Wednesday, July 11, 2012

Should you apply PCA to your data?

If you've ever dipped your toe into the cold & murky pool of data processing, you've probably heard of principal component analysis (PCA).  PCA is a classy way to reduce the dimensionality of your data, while (purportedly) keeping most of the information.  It's ubiquitously well-regarded.
But is it actually a good idea in practice?  Should you apply PCA to your data before, for example, learning a classifier?  This post will take a small step in the direction of answering this question.

I was inspired to investigate PCA by David MacKay's amusing response to an Amazon review lamenting PCA's absence in MacKay's book:
"Principal Component Analysis" is a dimensionally invalid method that gives people a delusion that they are doing something useful with their data. If you change the units that one of the variables is measured in, it will change all the "principal components"! It's for that reason that I made no mention of PCA in my book. I am not a slavish conformist, regurgitating whatever other people think should be taught. I think before I teach. David J C MacKay.
Ha!  He's right, of course.  Snarky, but right.  The results of PCA depend on the scaling of your data.  If, for example, your raw data has one dimension that is on the order of $10^2$ and another on the order of $10^6$, you may run into trouble.

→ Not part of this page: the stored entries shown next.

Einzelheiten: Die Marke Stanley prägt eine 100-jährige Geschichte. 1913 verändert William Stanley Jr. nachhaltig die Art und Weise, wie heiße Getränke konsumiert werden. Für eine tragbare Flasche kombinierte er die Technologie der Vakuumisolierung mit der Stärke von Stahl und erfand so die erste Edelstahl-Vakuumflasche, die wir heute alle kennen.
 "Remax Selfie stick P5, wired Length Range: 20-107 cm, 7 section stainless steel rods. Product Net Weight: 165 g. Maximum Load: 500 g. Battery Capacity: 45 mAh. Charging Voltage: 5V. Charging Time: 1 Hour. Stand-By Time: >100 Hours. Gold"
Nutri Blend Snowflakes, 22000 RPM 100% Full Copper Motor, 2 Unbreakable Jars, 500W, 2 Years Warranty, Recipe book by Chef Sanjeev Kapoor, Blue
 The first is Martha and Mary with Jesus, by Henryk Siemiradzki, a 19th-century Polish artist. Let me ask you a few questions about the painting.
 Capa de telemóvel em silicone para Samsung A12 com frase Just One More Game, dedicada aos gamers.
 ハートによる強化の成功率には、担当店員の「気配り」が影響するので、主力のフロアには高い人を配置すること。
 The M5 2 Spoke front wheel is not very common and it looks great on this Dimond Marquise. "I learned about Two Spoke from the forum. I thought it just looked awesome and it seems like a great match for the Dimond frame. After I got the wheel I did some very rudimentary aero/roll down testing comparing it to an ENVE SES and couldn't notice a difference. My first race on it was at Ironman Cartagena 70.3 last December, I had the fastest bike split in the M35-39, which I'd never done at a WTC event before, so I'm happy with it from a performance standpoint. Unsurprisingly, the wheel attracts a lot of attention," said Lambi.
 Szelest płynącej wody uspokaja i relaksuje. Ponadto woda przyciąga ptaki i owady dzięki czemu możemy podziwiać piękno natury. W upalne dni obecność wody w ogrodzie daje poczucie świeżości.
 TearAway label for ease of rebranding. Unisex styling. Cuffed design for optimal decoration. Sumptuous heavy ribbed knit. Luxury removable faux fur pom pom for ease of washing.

Exploring this point, I'm going to report test classification accuracy before & after applying PCA as a dimensionality reduction technique.  Since, as MacKay points out, variable normalizations are important, I tried each of the following combinations of normalization & PCA before classification:
  1. None.
  2. PCA on the raw data.  
  3. PCA on sphered data (each dimension has mean 0, variance 1).
  4. PCA on 0-to-1 normalized data (each dimension is squished to be between 0 and 1).
  5. ZCA-whitening on the raw data (a rotation & scaling that results in identity covariance).
  6. PCA on ZCA-whitened data.
Some experimental details:
  • Each RF was trained to full depth with $100$ trees and $\sqrt{d}$ features sampled at each split.  I used MATLAB & this RF package.
  • The random forest is not sensitive to any dimension-wise normalizations, and that's why I don't bother comparing RF on the raw data to RF on standard normalized & 0-1 normalized data.\The performance is identical! (That's one of many reasons why we <3 random forests).
  • PCA in the above experiments is always applied as a dimensionality reduction technique - the  principal components that explain 99% of the variance are kept, and the rest are thrown out (see details here).
  • ZCA is usually used as normalization (and not as dimensionality reduction). Rotation does affect the RF, and that's why experiment (5) is included.
  • PCA and ZCA require the data to have zero mean.
  • The demeaning, PCA/ZCA transformations, and classifier training were all done on the training data only, and then applied to the held-out test data.  
And now, the results in table form.

Dataset Raw
Accuracy
PCA Sphere
+ PCA
0-to-1
+ PCA
ZCA ZCA
+ PCA
proteomics 86.3%65.4% 83.2% 82.8% 84.3%  82.8%
dnasim 83.1% 75.6% 73.8% 81.5% 85.8% 86.3%
isolet 94.2% 88.6% 87.9% 88.6% 74.2% 87.9%
usps 93.7% 91.2% 90.4% 90.5% 88.2% 88.4%
covertype 86.8% 94.5% 93.5% 94.4% 94.6% 94.5%

Observations:
  • Applying PCA to the raw data can be disastrous. The proteomics dataset has all kinds of wacky scaling issues, and it shows. Nearly 20% loss in accuracy!
  • For dnasim, choice of normalization before PCA is significant, but not so much for the other datasets. This demonstrates MacKay's point. In other words: don't just sphere like a "slavish conformist"!  Try other normalizations.
  • Sometimes rotating your data can create problems. ZCA keeps all the dimensions & the accuracy still drops for proteomics, isolet, and USPS. Probably because a bunch of the very noisy dimensions are mixed in with all the others, effectively adding noise where there was little before.
  • Try ZCA and PCA - you might get a fantastic boost in accuracy. The covertype accuracy in this post is better than every covertype accuracy Alex reported in his previous post.
  • I also ran these experiments with a 3-tree random forest, and the above trends are still clear. In other words, you can efficiently figure out which combo of normalization and PCA/ZCA is right for your dataset.
There is no simple story here.  What these experiments have taught me is (i) don't apply PCA or ZCA blindly but (ii) do try PCA and ZCA, they have the potential to improve performance significantly.  Validate your algorithmic choices!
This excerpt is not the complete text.